Deploying a couple divisions of the U.S. Army or Marine Corps would crush ISIS quickly, but the wisdom of that is dubious, given the history of Iraq since 2003. What will degrade ISIS is U.S.-led airpower, at a higher sortie rate, in coordination with our SOF, the finest snake-eaters in the world. In a matter of months, this lethal tandem will inflict such serious losses on ISIS in Iraq and Syria, particularly on its high-value targets, that it will gradually lose operational effectiveness. We will incur losses, but the enemy’s will be hundreds-fold more. While the Islamic State will continue in some evil guise for years, it will not be a serious threat to the Middle East, if the Obama administration does what it must.

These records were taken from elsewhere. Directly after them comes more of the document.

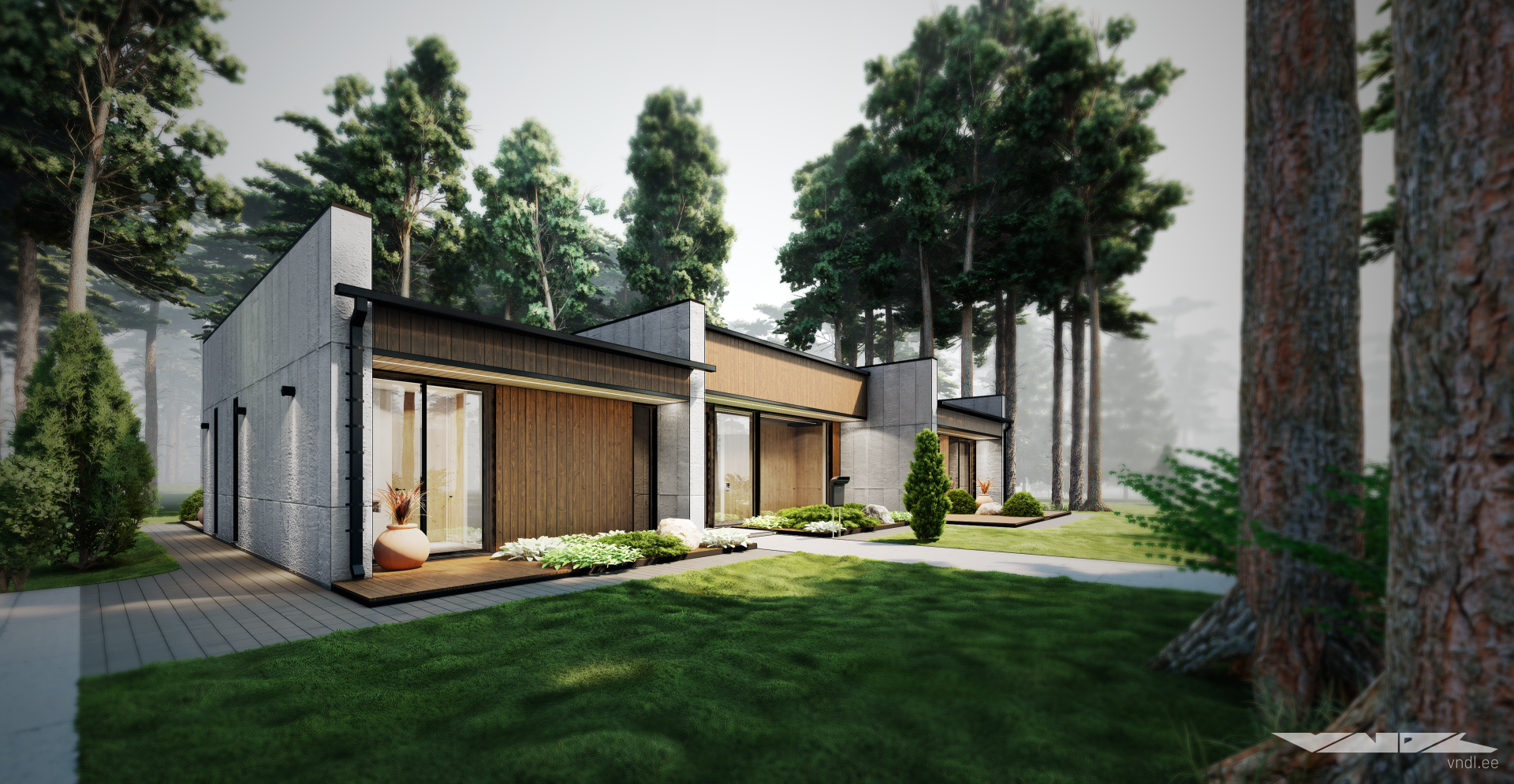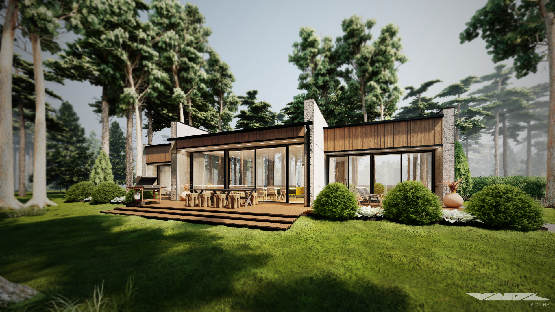This thoughtfully designed home is located near Pärnu, in the village of Mereküla, just a short distance from the coast. Nestled on a gently contoured, tree-filled plot accessible only via a quiet cul-de-sac from the north side, the setting offers exceptional privacy and character.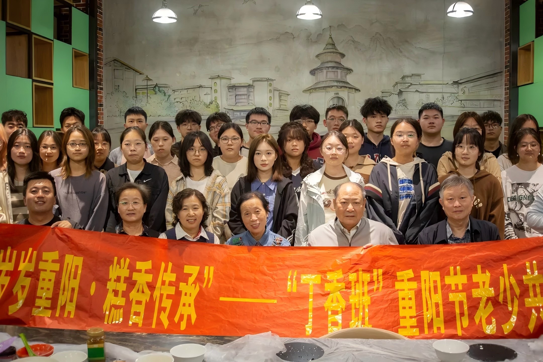 带着对亲人重重的思念和久远的牵挂,10月11日下午,我院组织开展“岁岁重阳.糕香传承—“丁香班”重阳节老少共建”活动,关工委詹玉铸老师、王兆珠老师、 朱家生老师、张国林老师、包骁斌老师、赵爱军老师、辅导员王星茗老师以及第四届“丁香班”——统计2201全体同学参加。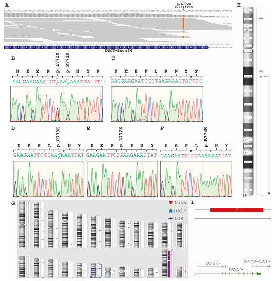In family B with Russian origin, only the index patient (II-2, Figure 1B) received an ACM diagnosis. Comparable to family A, we started the genetic analysis with an NGS approach for the index patient II-2, revealing eight rare variants with a MAF < 0.001 (Table 2). Interestingly, comparable to family A we found exclusively reads for a nonsense mutation DSG2-p.L772X, indicating homo- or hemizygosity (Figure 7A). This finding was verified by Sanger sequencing. In addition, we genotyped the unaffected parents (I-1 and I-2) and the two siblings (II-1 and II-3). Of note, beside the heterozygous DSG2-p.L772X mutation, the father carried a further heterozygous SNP (DSG2-p.R773K, MAF = 0.2604, https://gnomad.broadinstitute.org/variant/18-29122799-G-A?dataset=gnomad_r2_1 (accessed on 20 January 2021), Figure 7B). Surprisingly, the mother (I-2) was wild type for both variants excluding parental consanguinity (Figure 7C). The older brother II‑1 of the index patient did not carry the nonsense variant, but carried the SNP DSG2-p.R773K in a heterozygous status (Figure 7D). The dizygotic twin sister II‑3 presented the same SNP in a homozygous status (Figure 7F). Since all children carried either DSG2-p.L772X or -p.R773K, it can be concluded that the father (I-1) carried both DSG2 variants in a compound heterozygous status. To investigate the genetic reason for homozygosity of DSG2-p.L772X in II-2 and of DSG2-p.R773K in II-3, we performed a SNP microarray for the index patient II-2 and his parents (Supplementary Figure S1). These analyses revealed a large additional deletion mutation affecting nearly the complete DSG2 gene (Figure 7G–I) for the index patient (II-2) and his mother (I-2). In summary, we identified a hemizygous nonsense variant (DSG2-p.L772X) for the index patient and suggest therefore a recessive inheritance in Family B (Figure 1B) caused by paternal inheritance of DSG2-p.L772X and maternal inheritance of DSG2_Ex2-14del.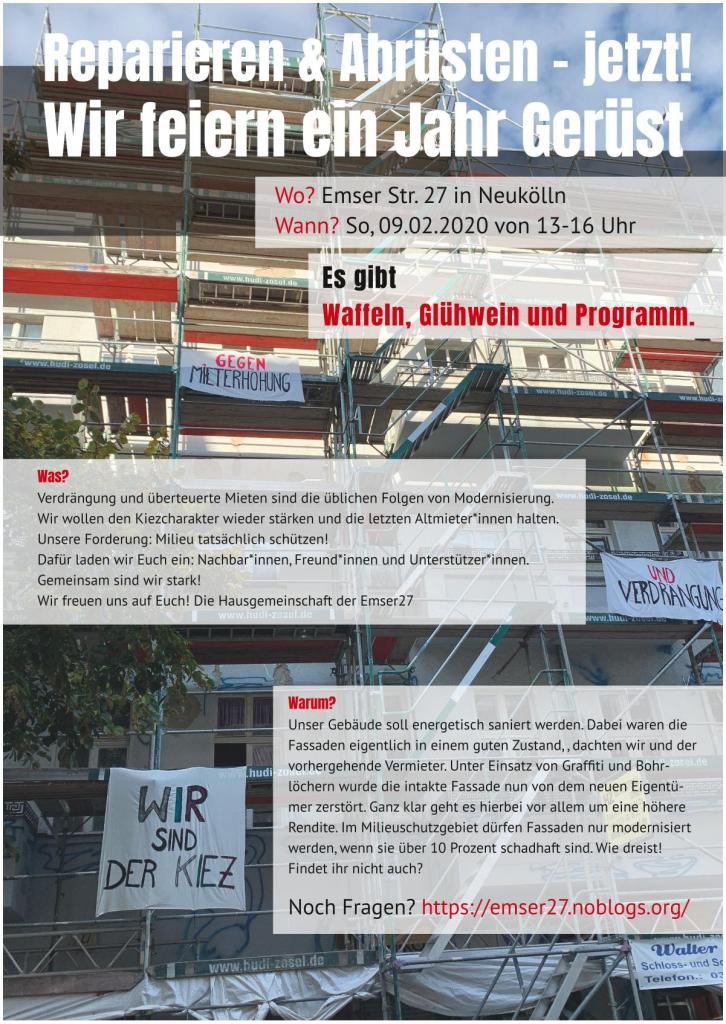 Die Gerüstfeier findet am 09.02.2020 von 13 bis 16 Uhr im Hof der Emser Straß 27, 12051 Neukölln statt, mit Waffeln, Glühwein und Programm.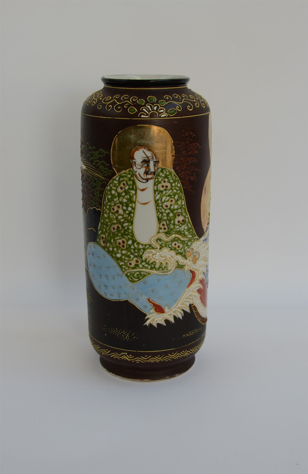 Vaso in porcellana Satsuma a fondo marrone raffigurante monaci Taoisti decorato a dorature e policromia (difetti) Giappone, sec. XX (h. 30 cm.)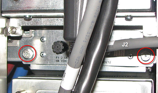 4. Loosen the two screws securing the fan to the cabinet.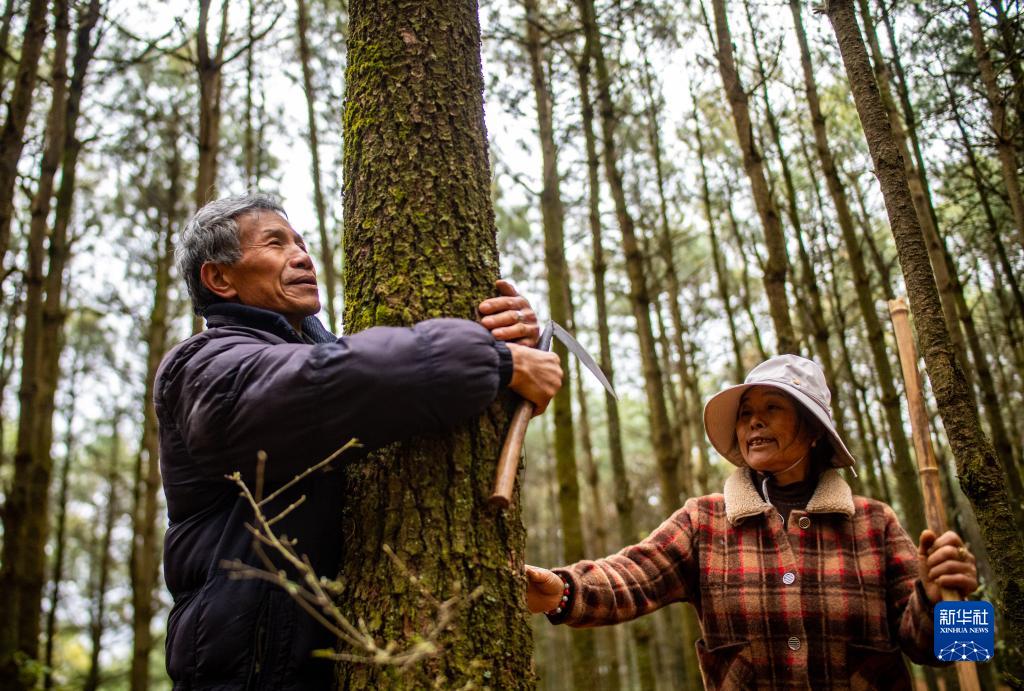 3月12日,護林員王石貴與妻子一起在山林間查看樹(shù)木生長(cháng)情況。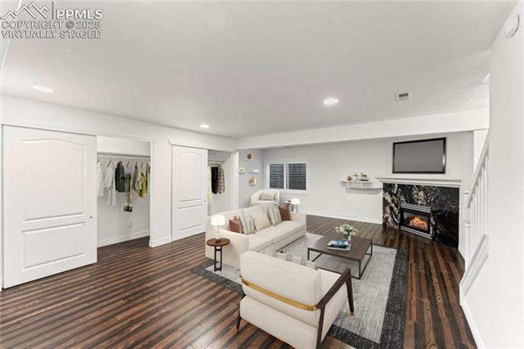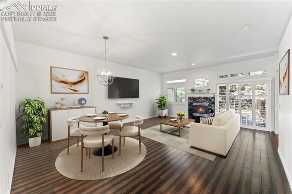 Welcome to this beautifully updated townhome in the desirable Broadmoor Glen neighborhood. Updates since 2020 include new flooring and paint throughout, new kitchen counters and appliances, master bathroom completely remodeled and more. This townhome boasts a spacious floor plan with luxury kitchen including new stainless steel Kitchen Aid appliances. The attached two stall garage has plenty of room for two vehicles and storage. Enter from the garage into the dining room and kitchen area. The main front entry is wonderfully landscaped and has a gated patio that enters into the large living space with a fireplace and walkout to the back patio. With two generously sized bedrooms upstairs and downstairs there is plenty of room for everyone. The master suite includes a five piece bath and walk in closet while each bedroom offers plenty of closet space. Downstairs is another large living space with a fireplace. Storage abounds in this townhome especially in the lower level with multiple closets and areas to store decorations and equipment for hobbies of all kinds. Close to Fort Carson, shopping, Cheyenne Mountain schools and easy access to I-25 make this townhome a must see.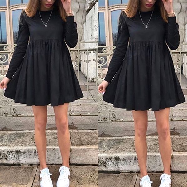 Черна свободна рокля с дълъг ръкав и А-силует C0372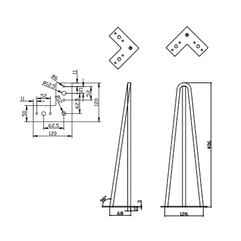 Pied pour meuble ou table de forme épingle.Capacité de charge pour 4 pieds, environ 100Kgs.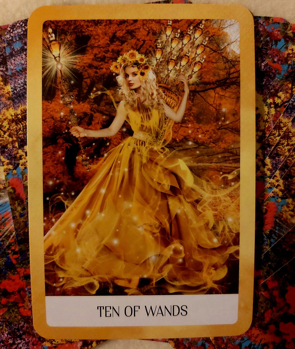 10 of Wands. Put down the Wands you don't need. You can only carry a couple of them comfortably. Be honest with yourself and ask what is a burden, what are you hanging onto? Not just for yourself but also for others. You don't have to do everything.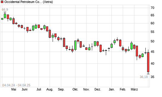 Mit dem Rücksetzer auf 39,86 EUR hat die Occidental Petroleum-Aktie (ISIN US6745991058) am 03.04.2025 ein neues 3-Jahres-Tief erreicht und damit den Kurs vom 06.03.2025 eingestellt.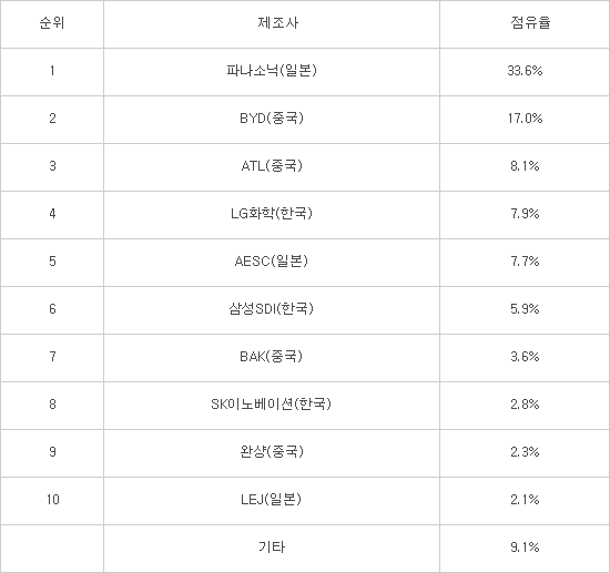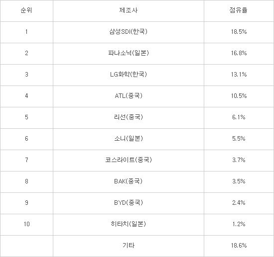 최근 급부상한 전기차용 중형 배터리 시장에서 지난해 기준으로 일본과 중국 업체가 1~3위를 석권했다. 앞으로 전기차 배터리 경쟁에서 밀리면 한국이 일본, 중국에 밀려 3위로 떨어질 수 있다는 우려도 제기된다.
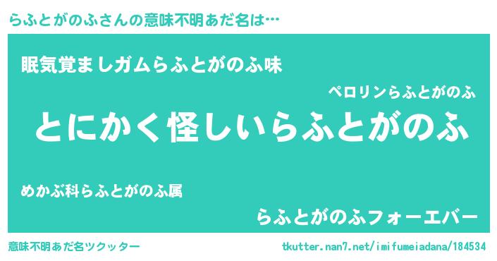 | 男性向けラノベタイトル風あだ名 | 『らふとがのふの嫁は女の子じゃないと思った?』 |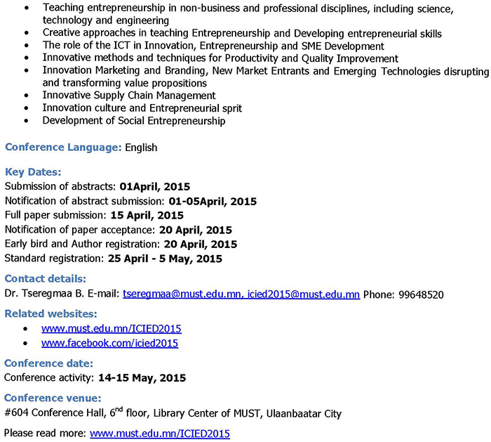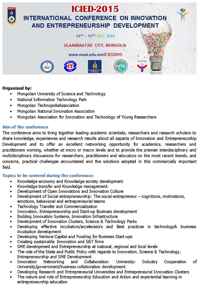 International Conference on Innovation and Entrepreneurship Development 2015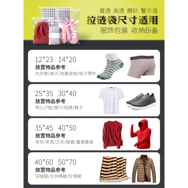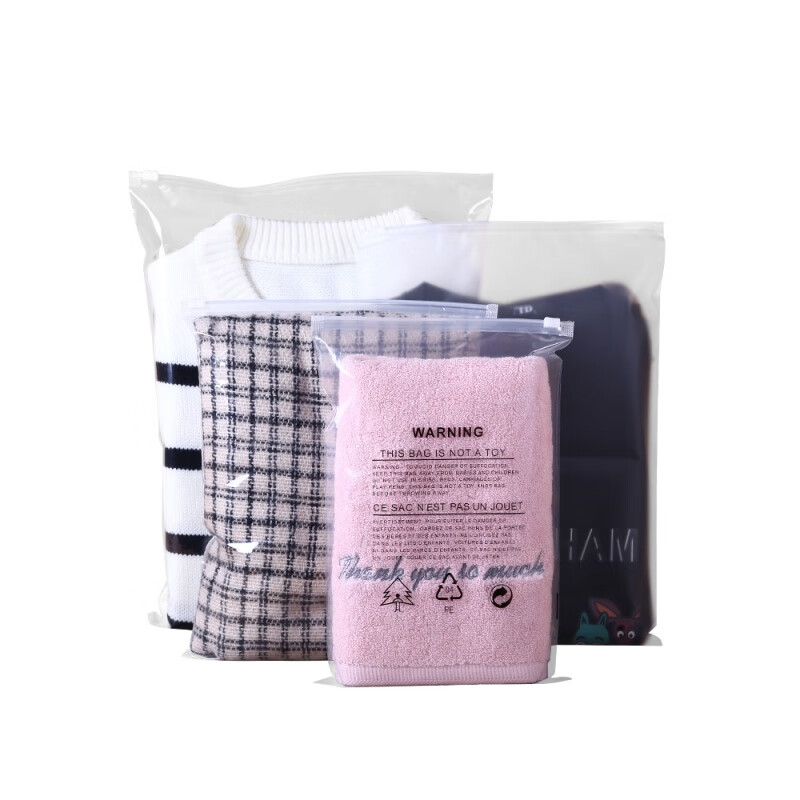 服装拉链袋塑料自封袋子装衣服包装袋磨砂收纳袋塑封袋封口袋的 30*40cm 装卫衣 牛仔裤等 12丝透明款10只试用装

Actually defeating ISIS comprehensively will take longer, and will require seriously revamped counterterrorism policies that this administration seems unlikely to even consider. That our attorney general says he’s “not sure an awful lot is gained” by saying “Islamic” when discussing ISIS, while stating this is really all the fault of Fox News making nomenclature an issue, does not inspire confidence, particularly when Eric Holder is fond of quickly labeling crimes he cares about the result of white racism. Elements of the mainstream media are now realizing, belatedly, that ISIS is exactly what it claims proudly to be—a virulent, apocalyptic death cult grounded in a literalist reading of Sunni Islam, dumbed down for the Internet age—and it would be nice if the White House realized this, too. We will not defeat ISIS, which represents a far graver strategic threat than al Qaeda ever did, until we confront what it actually is.

We cannot expect any U.S. president to channel Jordan’s King Abdullah, who has promised the murderers of the Islamic State that they will get the punishment they deserve, but we ought to expect Obama to be more serious about the rising ISIS threat. There is no fix now save a military one. Some people just need killin’, as they say in Texas, and if anybody on earth deserves the West’s lethal force it’s the Islamic State. Delaying a real counteroffensive against ISIS, due to distractions on many fronts, only empowers our enemies in the Middle East and beyond.